At 6-foot, 200 pounds, Rankin is a big force in the middle, while Williams and Bowles add speed and skill on the wings.

“Size helps and sometimes it doesn’t,” Rankin said. “Guys like Brian (Williams) don’t have the size (5-8, 175), but he has more skill than the rest of us put together.”

In addition to his size, Hiller said Rankin’s strength is his shot.

“He has an ability to shoot the puck,” Hiller said. “When he gets into dangerous areas, he can score because he has a great release. He needs to get in those areas more often. That requires some good linemates and a number of different things, but he has a special ability to shoot the puck and can be dangerous if he’s in the right spot.”

Despite Rankin’s qualities and the numbers he put up last season, he was passed over in June’s NHL draft. But minutes after the draft was over, the Penguins invited him to camp.

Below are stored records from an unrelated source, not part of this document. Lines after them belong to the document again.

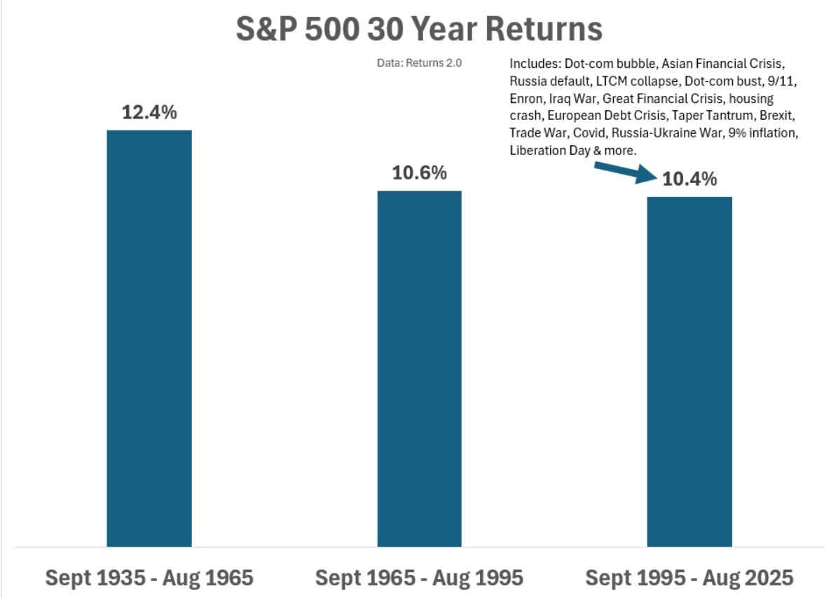 Za poslední tři dekády si americký akciový trh prošel mnoha krizemi, ale i tak v průměru ročně rostl o více než 10 %. Dokonce ještě lepší výsledky vykázal trh v předchozích dvou třicetiletých obdobích. Války, pandemie, etapy prudké inflace, bankroty velkých firem i mnoha zemí ve světě. Nic z toho trh nedokázalo zastavit, pouze přibrzdit. I přes obrovské otřesy zůstávají investice do lidské vynalézavosti jednou z nejjistějších dlouhodobých cest k ochraně hodnoty majetku, respektive jejímu zvyšování.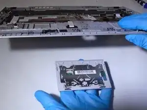 При подъёме нижней панели трекпад должен вывалиться из устройства.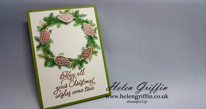This card was very easy and simple to make – all you need to start, is to draw around a drinking glass with a pencil to make your guide. Then stamp around the circle with the branch stamp in different shades of green. I then finished the card with some copper heat embossing. If you don’t want to fussy cut the pinecones, you can simply heat emboss them straight onto your card.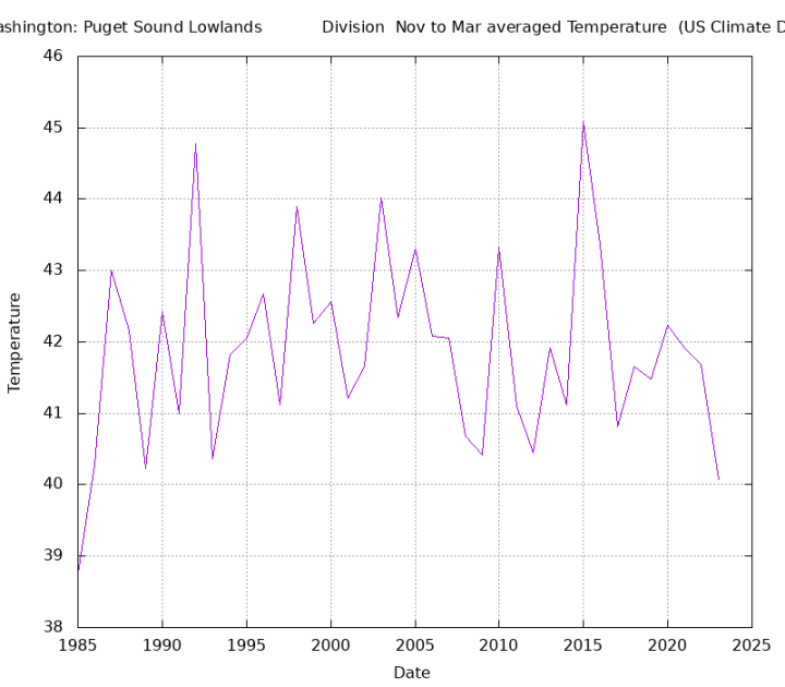 So have winter temperatures in our region warmed substantially over the past? Below are the temperatures over the Puget Sound lowlands over the past 40 years, when global warming has been most noticeable (see below).

“I learned plenty of things,” Rankin said of the experience. “The skill level isn’t a whole lot greater, but the pace they go at, the execution and the determination that every player has is pretty high. They are there to do something. That’s the mindset you have to have on the ice. I hope to put that into the Americans’ style of play — a higher level of execution. I think we could have a lot of success.”

That kind of thinking has landed Rankin on the Americans’ leadership team. For the second season, he was named an alternate captain, along with defenseman Justin Hamonic. Mitch Topping is team captain.

“My first year was with Reddick, he was one of the best captains I’ve ever had,” Rankin said. “He showed me about being a team leader, and at 16 that was so helpful for me. I wouldn’t be where I am, honestly, if not for him. I want to do that with the younger players and have that leadership role. I really want to do that. All those guys helped me and I want to pass that along.”